▸ **Instructions for the task**: The pictures in the data below are to be omitted; all else must be duplicated exactly.

▸ **Data extract**:
+++

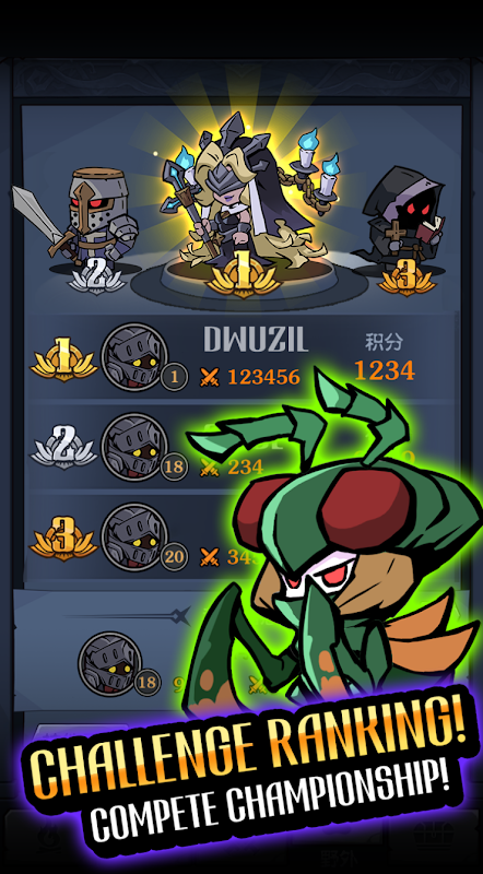 Игра будет фиксировать количество уровней и боевую мощь всех рыцарей в рейтинговом списке. Рыцари, занявшие верхние позиции, могут получить большое количество наград Королевства Теней! Я верю, что вы готовы выделиться из множества рыцарей и завоевать собственный чемпионский титул!
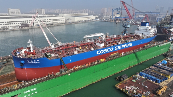 日前,大连中远海运重工在建50k载重吨MR型成品油运输船及系列80k多用途粮食运输船项目接连完成拖移下水及船台铺底节点,项目建造节点稳步推进。船东代表、船级社代表与项目组成员共同见证了船舶下水、铺底。 4月16日,为中远海运能源建造的50k载重吨MR型成品油运输船(N1222)拖移下水。4月17日,为中远海运发展建造的80k多用途粮食运输船(N1262)船台铺底。 此次下水的50k载重吨MR型成品油运输船(N1222)长182.9米,宽32.26米,深18.2米,设计吃水11米,设计航速14.0节,为系列首制船。 此前,大连中远海运重工为中远海运能源建造交付两艘49900吨成品/原油轮及一艘64900吨巴拿马型原油运输船均投入运营,船舶运行状态表现优异,船东反馈良好。 此次上船台的80k多用途粮食运输船(N1262)船总长229.95米、型宽32.26米、型深21米。该船型具备较强的货物适配性和灵活性,除粮食运输外,可为新能源汽车、锂电池、储能柜等危险货物集装箱提供运输服务。此前交付的首制船“国韵海”轮已投入运营并顺利开启北非航线,船舶的优异性能得到了船东的充分肯定。(程刚、耿飞/文 宝巍/摄)
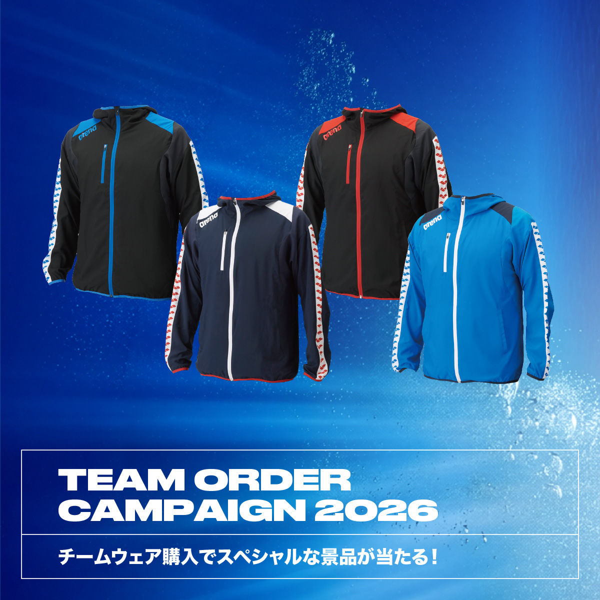 | 【特賞/A賞】応募条件 | ・応募期間中に対象商品のアリーナ チームウインドブレーカー上下(ジャケット・ロングパンツ)を4セット以上購入し、購入レシートを持っている方 ・所属チームの代表者に応募の旨を許可いただいた方 ・応募者及び、所属チーム代表者の両方が下記<個人情報のお取り扱い>に同意いただけるチーム <個人情報のお取り扱い> 当社は、ご提供いただいたお客様の個人情報を「個人情報保護方針」の定め(個人情報の利用目的を含みます)に従って適切に取り扱うとともに、その他以下に記載する利用目的に利用いたします。 (1)本キャンペーンの運営・実施・管理 (2)商品発送のほか、本キャンペーンに関するお客様対応 |
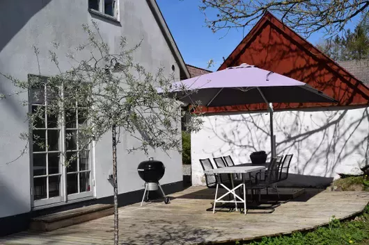 Förutom att ni har tillgång till hela det fristående och fullutrustade gästhuset har ni även en egen del av trädgården med uteplats/trädäck samt "innergård" med sittplatser och utsikt mot norr.

+++

▸ **Output**:
 Игра будет фиксировать количество уровней и боевую мощь всех рыцарей в рейтинговом списке. Рыцари, занявшие верхние позиции, могут получить большое количество наград Королевства Теней! Я верю, что вы готовы выделиться из множества рыцарей и завоевать собственный чемпионский титул!
 日前,大连中远海运重工在建50k载重吨MR型成品油运输船及系列80k多用途粮食运输船项目接连完成拖移下水及船台铺底节点,项目建造节点稳步推进。船东代表、船级社代表与项目组成员共同见证了船舶下水、铺底。 4月16日,为中远海运能源建造的50k载重吨MR型成品油运输船(N1222)拖移下水。4月17日,为中远海运发展建造的80k多用途粮食运输船(N1262)船台铺底。 此次下水的50k载重吨MR型成品油运输船(N1222)长182.9米,宽32.26米,深18.2米,设计吃水11米,设计航速14.0节,为系列首制船。 此前,大连中远海运重工为中远海运能源建造交付两艘49900吨成品/原油轮及一艘64900吨巴拿马型原油运输船均投入运营,船舶运行状态表现优异,船东反馈良好。 此次上船台的80k多用途粮食运输船(N1262)船总长229.95米、型宽32.26米、型深21米。该船型具备较强的货物适配性和灵活性,除粮食运输外,可为新能源汽车、锂电池、储能柜等危险货物集装箱提供运输服务。此前交付的首制船“国韵海”轮已投入运营并顺利开启北非航线,船舶的优异性能得到了船东的充分肯定。(程刚、耿飞/文 宝巍/摄)
 | 【特賞/A賞】応募条件 | ・応募期間中に対象商品のアリーナ チームウインドブレーカー上下(ジャケット・ロングパンツ)を4セット以上購入し、購入レシートを持っている方 ・所属チームの代表者に応募の旨を許可いただいた方 ・応募者及び、所属チーム代表者の両方が下記<個人情報のお取り扱い>に同意いただけるチーム <個人情報のお取り扱い> 当社は、ご提供いただいたお客様の個人情報を「個人情報保護方針」の定め(個人情報の利用目的を含みます)に従って適切に取り扱うとともに、その他以下に記載する利用目的に利用いたします。 (1)本キャンペーンの運営・実施・管理 (2)商品発送のほか、本キャンペーンに関するお客様対応 |
 Förutom att ni har tillgång till hela det fristående och fullutrustade gästhuset har ni även en egen del av trädgården med uteplats/trädäck samt "innergård" med sittplatser och utsikt mot norr.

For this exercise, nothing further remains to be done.